Pairwise independence vs. mutual independence

I'm doing a PhD in statistical optics and I've stumbled upon a set of random variables that may or may not be mutually independent. I've managed to show that they are pairwise independent, but in general that doesn't imply they're mutually independent. Is there some conditions which guarantees that a set of pairwise independent variables also are mutually independent? I need mutual independence in order to express an expectation of a product as the product of expectations.


Omega Contributor
So, they have a potential unique function that generates them or you are assuming this. Do you know the data generating process/function?

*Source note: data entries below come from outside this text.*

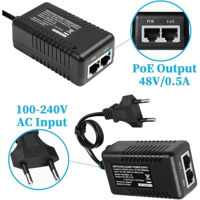 YAODHAOD POE - Adattatore Iniettore 48 V/0,5 A, 100/1000 Mbps, Spina Europea, Distanze Fino A 100 M, Plug And Play Per Adattatore Ethernet, Telefono E Fotocamera IP (100 M
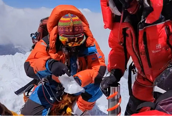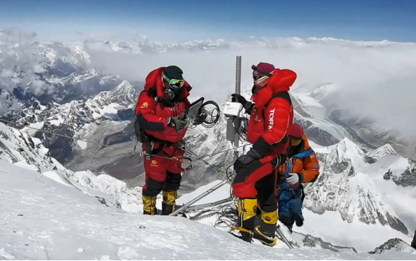5月4日中午,我国珠峰科考队员在珠穆朗玛峰峰顶进行采样。
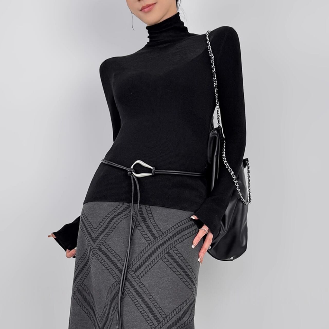 透け感のあるカットラインが繊細に浮かび上がる、ミニマルでモードな一着。
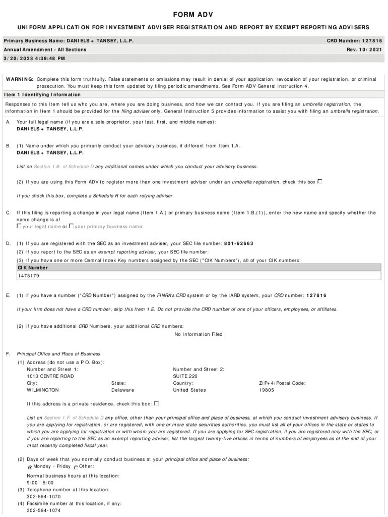 FORM ADV UNIFORM APPLICATION FOR INVESTMENT ADVISER REGISTRATION AND REPORT BY EXEMPT REPORTING ADVISERS Primary Business Name: DANIELS + TANSEY, L.L.P.CRD Number: 127816Annual Amendment All SectionsRev.
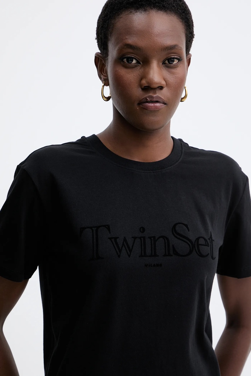 Twinset t-shirt bawełniany damski kolor czarny 252TT2320

I can grab the cost of milk and a national growth rate and they can be correlated and possibly dependent - so I think if you are not using data generated in a vacuum or on your computer there are always issues of possible correlations or if sample sizes are small type I error concerns. Not aware of a test, but I wouldn't be surprised if there was something. There are tests to see if data are randomly created (e.g., ? benford), so testing similarities without a deep contextual knowledge of source seems possible but not conclusive. Sorry if I just ramble here without any great help. :(


Ambassador to the humans
If you wrap the latex in math tags it should parse how you want. For an example if I use a curly brace { instead of a square bracket it would look like {math} - but use the square brackets - and end your latex in {/math}. So for example the following is \frac{1}{2} wrapped in the math tags


And it's a javascript library that does the converting so you might need to reload the page after you post for it to actually parse correctly.